Dr. John Swartzberg, an infectious disease expert at UC Berkeley, said it’s appropriate for the Newsom administration to be constantly updating and improving its response to the coronavirus, so changes to the tier system aren’t necessarily bad. But he said he sees a problem with the justification for the change announced this week.

Vaccines should be making the community safer by reducing the rate of coronavirus cases, he said. The faster we vaccinate people, the faster we should be able to reopen the economy as case rates drop.

But he said he doesn’t agree with the administration’s logic that more vaccines should allow for reopening businesses with higher rates of coronavirus still circulating.

Vaccines make the community safer by reducing the number of cases, he said. They don’t necessarily make it safer to live in a community that still has high case rates, he said.

“I’m not sure that completely computes,” he said.

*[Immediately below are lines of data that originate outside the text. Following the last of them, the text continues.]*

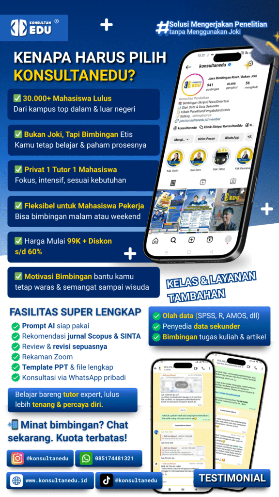 Bagi Kamu yang sedang berada di tengah perjalanan skripsi, tesis, atau disertasi, jangan ragu untuk berdiskusi dengan kami. Konsultasi dapat dilakukan secara privat melalui WhatsApp atau platform online lainnya. Hubungi kami di sini untuk memulai langkah awal menuju penyelesaian tugas akhir yang lebih terarah, efektif, dan bermakna.
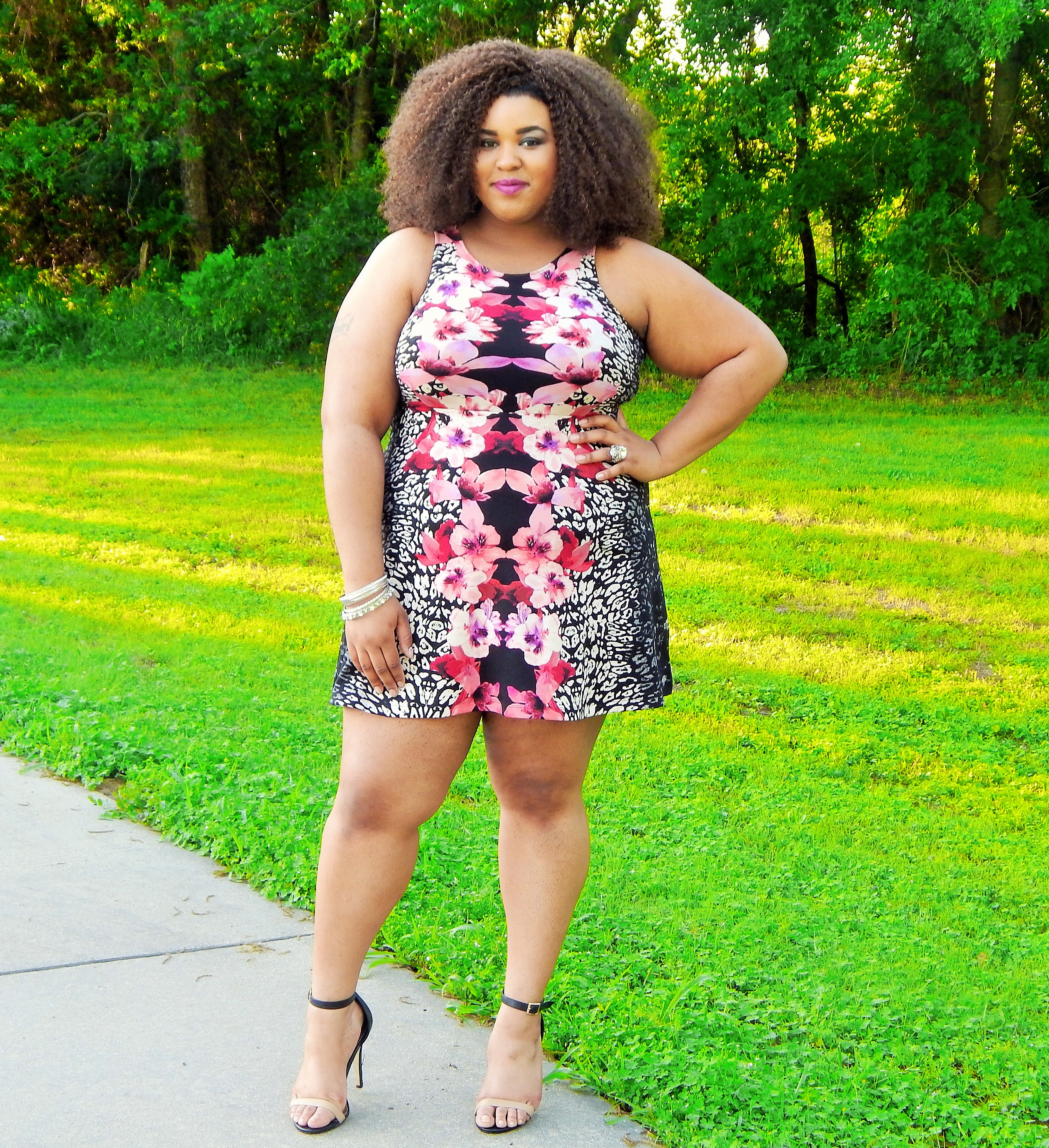 I actually found this dress last year at H&M.. I was looking for the plus section, which the store didn’t have and I was heart broken. I still looked around to see if they had anything else that was cute, including accessories. I found this dress and another chevron striped dress. Unfortunately, they were both larges and I didn’t think they would fit. I held them up and they looked like they would be good enough. I fell in love with this print and had to give it a try. Normally I’m against trying on clothes that are for straight sizes, only because it’s not fair that we have to settle for something that may be ill fitting because the companies refuse to offer the same thing is plus, but you never know what you will find. Once in the fitting room, I was surprised. The dress actually fit! It was a little tight in the breast area, but that’s kind of normal for me because I have a large bust. It wasn’t horrible or please believe I wouldn’t have purchased this dress. I love the symmetrical print on this dress. The colors of the flowers pop with the black and white leopard print on the sides. I can’t wait to see how much more fabulous this dress will look as more spring and summers come along! Here is a similar dress- Forever 21 🙂
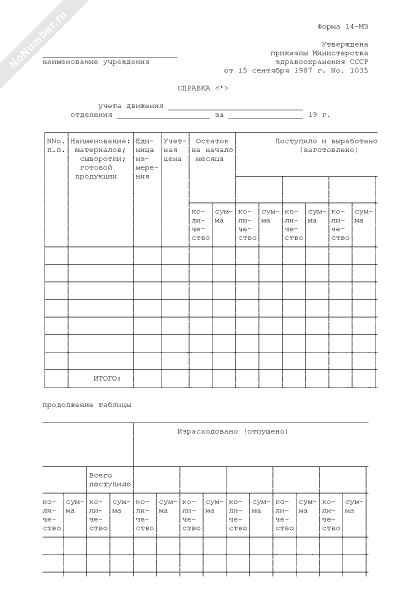 - 1069Справка учета движения. Форма № 14-МЗ

Swartzberg said he agrees with the administration’s decision to prioritize vaccines for disadvantaged parts of the state. Targeting vaccines to areas where the virus is spreading the most is the most effective way to quell the virus’ spread.

“I completely agree with this approach of devoting a large swathe of our vaccine to that population,” he said. “It makes not only that population much safer, but all of us much safer.”

Ghaly said about 1.6 million doses – 17% of vaccines administered across California – have been given to residents in the lowest quartile of the Healthy Places Index, compared to 34% among residents in the highest quartile.

Many advocates and health experts have praised the Newsom administration’s focus on prioritizing disadvantaged communities, which are disproportionately home to Latinos and other people of color.

As the state’s largest ethnic group, Latinos make up nearly 40% of the state’s population. But the most recent data from California shows they only make up 17% of people who have received their first vaccine does.

Newsom referenced the pandemic’s unequal toll on Latino communities during a Thursday press conference.

“It doesn’t get as much attention as it deserves,” Newsom said. “But when you look today at the total impact of this pandemic over the last year, 55% of those that have tested positive in this state ... happen to be Latino. Forty-six percent of the deaths happen to be Latino.”

Ensuring Latinos get more vaccines is a step in the right direction, said Sonja Diaz, director of the UCLA Latino Policy and Politics Initiative.

“Communities of color are keeping the economy afloat, and prioritizing them is not only the right thing to do, but an economic imperative,” Diaz said in a written statement. “The state’s new approach is the right step to stop the bleeding and affirm that Californians of color are not collateral damage but the catalysts to recovery. California has a responsibility to those communities to get them help first and fast.”

The Bee’s Michael McGough, Kim Bojórquez, Lara Korte and Hannah Wiley contributed to this report.